College of American Pathologists
Printable Version

  Feature Story


cap today

Bringing order to data chaos

November 2003
Eric Skjei

Pressure to adopt standards for structuring and communicating pathology data is mounting, and the move to create the standards is gaining momentum.

"A few months ago the NIH came out with a requirement that all grants where the request is larger than $500,000 per year must include a section in the application that describes how the authors plan to share their data," says Jules J. Berman, MD, PhD, program director for pathology informatics at the National Cancer Institute. The good grant applications, he says, will do more than just say they will make their data publicly available. "They will show they have a realistic way of organizing their data so that it can be merged into other data sets," says Dr. Berman.

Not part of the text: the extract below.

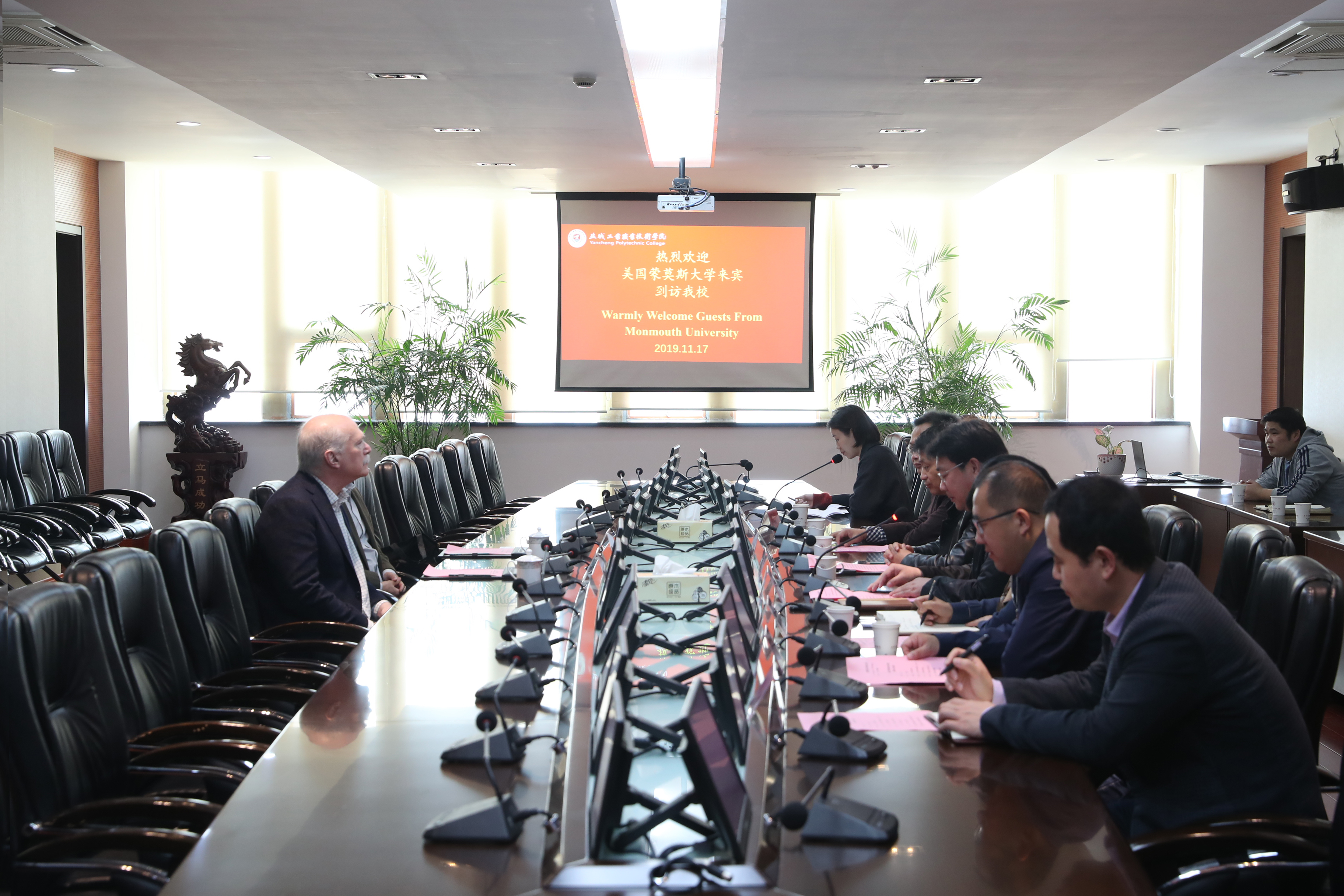11月17日,美国蒙莫斯大学科学学院院长史蒂芬·巴卡拉克、终身教授王加存博士访问我校。我校校长瞿才新、副校长蔺俊热情接待了来访客人并举行座谈会。九洲药学院、机电工程学院、专项建设办公室、国际合作处等部门负责同志参加了交流。
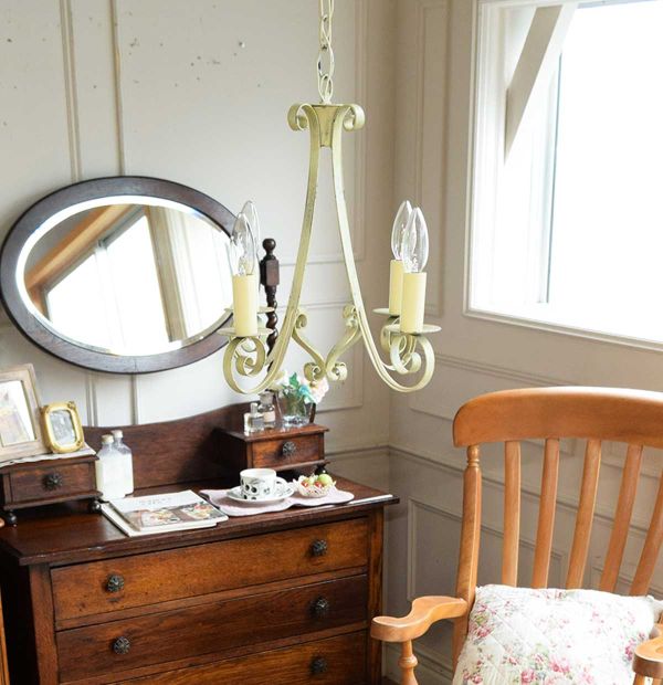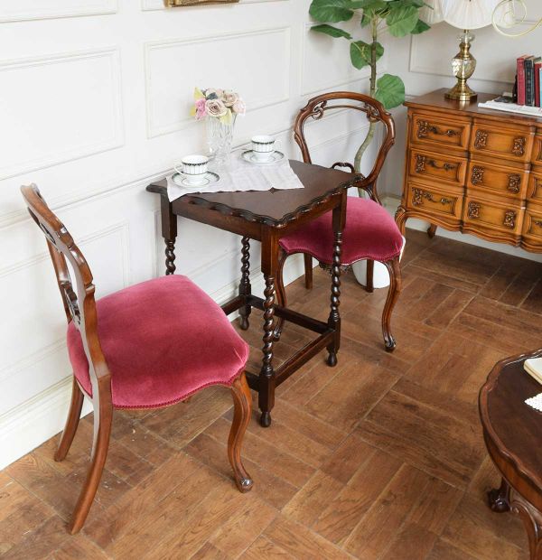 ちょっと濃い目の色で引き締めたくなって、チョコレート色のドレッサーとツイスト足のサイドテーブルにバルーンバックを組合わせてサロンを作ってみました。夜の風に揺られながら、シャンデリアの灯りで疲れをとりたいな・・・と思います。

Those who write gene expression array-related grants, he notes, already are aware of the need to share data and typically use the Microarray Gene Expression Databases or the Minimum Information About a Microarray Experiment specifications for their gene expression array data.

"I think this will probably be the case for any kind of research funded by the federal government," he says. "The data must be presented in a way that can be understood by humans and by computers. Research files should be self-describing and prepared in a way that meets the general rules for the standard exchange of data. Taking these steps will enhance the chances that a grant will be reviewed favorably."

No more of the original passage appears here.